Keeve and Sskeer are one of the High Republic's most interesting Jedi pairs. It's too bad they got relegated to comic books, which seems to keep their story going over the same basic plot points again and again. I'd like to have seen them in a regular book.
But the main lesson from this comic book is this: Star Wars has to set limits on how many species live for hundreds of years. When we first meet Yoda, one of his defining character traits is that he's nine hundred years old. We sense that one of the reasons he's so wise (at least, we're told he's wise) is that he's so old. Someone who lives hundreds of years ought to have a lot of accumulated wisdom.
But then in The Force Awakens, we meet another small, wrinkly creature who lives for hundreds of years. She's not particularly wise, or interesting, or important to the plot. So her longevity seems like a gimmick.
Then we learn in Solo that Chewbacca is really old. And then Ki Adi and Vernestra appear in The Acolyte; I had no idea either of their species existed for hundreds of years, but there they were. Now the High Republic gives us Azlin Rell, and Porter Engle, and General Viess, and Yarael Poof, and Oppo Rancisis . . . and, in this comic book, Tey Sirrek returns as a bearded, elderly character. Come on. Enough.

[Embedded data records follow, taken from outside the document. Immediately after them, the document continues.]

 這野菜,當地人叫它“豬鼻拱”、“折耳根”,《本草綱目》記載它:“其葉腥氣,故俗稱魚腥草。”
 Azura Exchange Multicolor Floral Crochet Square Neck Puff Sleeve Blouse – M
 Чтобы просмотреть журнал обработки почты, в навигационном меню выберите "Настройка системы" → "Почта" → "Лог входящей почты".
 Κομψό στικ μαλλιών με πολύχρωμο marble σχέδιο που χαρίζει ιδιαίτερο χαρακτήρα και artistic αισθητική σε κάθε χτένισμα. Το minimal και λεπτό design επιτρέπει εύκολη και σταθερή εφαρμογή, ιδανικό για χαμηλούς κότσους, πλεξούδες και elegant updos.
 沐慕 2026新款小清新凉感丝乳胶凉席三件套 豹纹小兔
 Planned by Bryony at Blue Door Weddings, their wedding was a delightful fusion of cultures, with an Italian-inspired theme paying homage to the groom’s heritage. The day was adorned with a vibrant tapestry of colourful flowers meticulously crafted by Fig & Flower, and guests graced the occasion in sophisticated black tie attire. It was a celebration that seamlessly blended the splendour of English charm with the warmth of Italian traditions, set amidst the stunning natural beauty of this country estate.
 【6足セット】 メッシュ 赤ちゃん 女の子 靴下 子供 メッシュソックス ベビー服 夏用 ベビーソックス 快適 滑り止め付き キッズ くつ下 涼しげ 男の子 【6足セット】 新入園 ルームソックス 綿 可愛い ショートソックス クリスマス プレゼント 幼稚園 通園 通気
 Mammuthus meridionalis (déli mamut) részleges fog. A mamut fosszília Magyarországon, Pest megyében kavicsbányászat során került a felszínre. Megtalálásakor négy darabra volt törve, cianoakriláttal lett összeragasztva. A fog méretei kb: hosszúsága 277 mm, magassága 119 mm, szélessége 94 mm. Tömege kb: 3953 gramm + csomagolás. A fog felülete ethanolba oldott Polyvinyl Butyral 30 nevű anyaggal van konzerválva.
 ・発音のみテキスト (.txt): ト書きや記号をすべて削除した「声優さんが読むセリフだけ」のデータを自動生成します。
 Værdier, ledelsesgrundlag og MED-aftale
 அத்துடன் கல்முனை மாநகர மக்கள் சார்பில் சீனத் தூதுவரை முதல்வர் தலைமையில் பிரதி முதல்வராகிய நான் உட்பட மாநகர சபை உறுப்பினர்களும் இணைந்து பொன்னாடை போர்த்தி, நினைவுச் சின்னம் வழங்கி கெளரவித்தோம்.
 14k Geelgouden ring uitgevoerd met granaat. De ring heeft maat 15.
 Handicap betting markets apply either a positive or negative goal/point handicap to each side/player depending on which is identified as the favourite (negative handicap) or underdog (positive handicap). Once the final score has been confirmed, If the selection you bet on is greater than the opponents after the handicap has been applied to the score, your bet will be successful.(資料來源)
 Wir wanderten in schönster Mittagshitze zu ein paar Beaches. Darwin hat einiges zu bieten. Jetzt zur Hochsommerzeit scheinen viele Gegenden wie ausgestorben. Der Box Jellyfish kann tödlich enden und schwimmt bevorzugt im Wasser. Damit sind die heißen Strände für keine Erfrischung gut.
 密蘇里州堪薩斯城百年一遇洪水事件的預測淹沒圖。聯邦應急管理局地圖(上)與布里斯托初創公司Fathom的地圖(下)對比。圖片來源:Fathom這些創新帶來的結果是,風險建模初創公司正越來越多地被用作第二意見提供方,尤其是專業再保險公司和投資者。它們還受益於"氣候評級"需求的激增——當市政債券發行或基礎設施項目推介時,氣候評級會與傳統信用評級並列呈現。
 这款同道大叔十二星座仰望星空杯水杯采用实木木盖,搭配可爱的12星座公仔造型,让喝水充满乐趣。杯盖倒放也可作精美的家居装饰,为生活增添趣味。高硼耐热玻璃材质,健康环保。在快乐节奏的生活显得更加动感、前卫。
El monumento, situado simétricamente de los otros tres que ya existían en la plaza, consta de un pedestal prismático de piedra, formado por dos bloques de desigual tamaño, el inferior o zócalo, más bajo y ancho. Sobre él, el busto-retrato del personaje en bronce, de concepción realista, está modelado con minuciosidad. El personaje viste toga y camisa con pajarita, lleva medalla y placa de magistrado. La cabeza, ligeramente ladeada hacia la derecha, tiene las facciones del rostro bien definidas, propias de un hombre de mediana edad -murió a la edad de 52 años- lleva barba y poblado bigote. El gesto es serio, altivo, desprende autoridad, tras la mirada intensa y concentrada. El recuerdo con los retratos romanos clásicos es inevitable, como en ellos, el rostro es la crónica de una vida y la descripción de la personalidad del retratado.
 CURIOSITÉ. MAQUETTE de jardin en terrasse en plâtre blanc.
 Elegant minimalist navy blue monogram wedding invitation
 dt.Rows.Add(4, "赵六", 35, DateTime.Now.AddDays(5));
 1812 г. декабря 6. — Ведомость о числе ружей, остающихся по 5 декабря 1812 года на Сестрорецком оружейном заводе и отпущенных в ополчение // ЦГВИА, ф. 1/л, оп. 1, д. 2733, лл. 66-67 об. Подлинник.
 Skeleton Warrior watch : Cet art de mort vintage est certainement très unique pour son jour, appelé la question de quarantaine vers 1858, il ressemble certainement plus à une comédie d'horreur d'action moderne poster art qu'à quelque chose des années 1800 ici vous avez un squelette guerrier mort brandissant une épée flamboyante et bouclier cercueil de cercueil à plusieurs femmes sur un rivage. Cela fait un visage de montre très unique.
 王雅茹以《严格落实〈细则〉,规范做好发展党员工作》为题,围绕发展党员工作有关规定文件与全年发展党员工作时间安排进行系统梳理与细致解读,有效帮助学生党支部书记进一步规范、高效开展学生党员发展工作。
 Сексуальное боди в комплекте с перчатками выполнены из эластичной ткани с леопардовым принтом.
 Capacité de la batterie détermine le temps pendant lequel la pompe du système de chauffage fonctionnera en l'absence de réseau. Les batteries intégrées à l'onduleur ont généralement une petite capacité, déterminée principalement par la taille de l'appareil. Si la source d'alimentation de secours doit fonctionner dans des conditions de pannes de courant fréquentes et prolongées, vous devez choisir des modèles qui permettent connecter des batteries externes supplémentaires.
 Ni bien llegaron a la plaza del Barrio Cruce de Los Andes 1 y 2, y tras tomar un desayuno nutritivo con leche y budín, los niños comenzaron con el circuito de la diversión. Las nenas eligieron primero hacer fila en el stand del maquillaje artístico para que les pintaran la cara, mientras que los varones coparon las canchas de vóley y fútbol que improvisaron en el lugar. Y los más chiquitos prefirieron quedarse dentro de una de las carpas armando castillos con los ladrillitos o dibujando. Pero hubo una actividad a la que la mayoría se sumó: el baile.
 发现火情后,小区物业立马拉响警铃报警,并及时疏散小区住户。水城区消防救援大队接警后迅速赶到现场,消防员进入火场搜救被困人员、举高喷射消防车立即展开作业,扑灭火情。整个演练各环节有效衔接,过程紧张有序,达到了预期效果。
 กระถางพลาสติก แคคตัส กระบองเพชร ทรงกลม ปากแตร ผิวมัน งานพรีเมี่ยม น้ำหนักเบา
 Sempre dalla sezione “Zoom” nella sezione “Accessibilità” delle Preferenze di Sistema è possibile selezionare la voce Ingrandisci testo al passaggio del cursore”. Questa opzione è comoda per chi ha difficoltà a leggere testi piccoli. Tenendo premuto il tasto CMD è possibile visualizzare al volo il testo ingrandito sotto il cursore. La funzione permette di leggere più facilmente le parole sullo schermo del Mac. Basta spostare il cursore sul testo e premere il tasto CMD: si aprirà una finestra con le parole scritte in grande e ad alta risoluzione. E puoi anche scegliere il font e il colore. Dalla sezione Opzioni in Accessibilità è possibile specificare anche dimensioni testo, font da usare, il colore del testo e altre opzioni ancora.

The problem with so many characters who endure for hundreds of years is that it changes the basic chronological "feel" of Star Wars. Yoda was an anomaly, and his longevity added something interesting to his character. But when it becomes almost the norm, it makes it hard for me to enter into the story's world, since "urgent" and "significant" would be so different for someone who lives a long, long time. Characters ought to remember things from hundreds of years ago, which means there are fewer surprises, and other characters (Jedi especially) ought to demonstrate much more wisdom than they ever do.
I really didn't care to see Tey return, more than a hundred years later. Nor did I want Lourna Dee to return. She has never been interesting. When the Nihil are introduced as anarchic chaos agents, then what's the point of a character who leaves the Nihil to become . . . an anarchic chaos agent? There's nothing to do with that.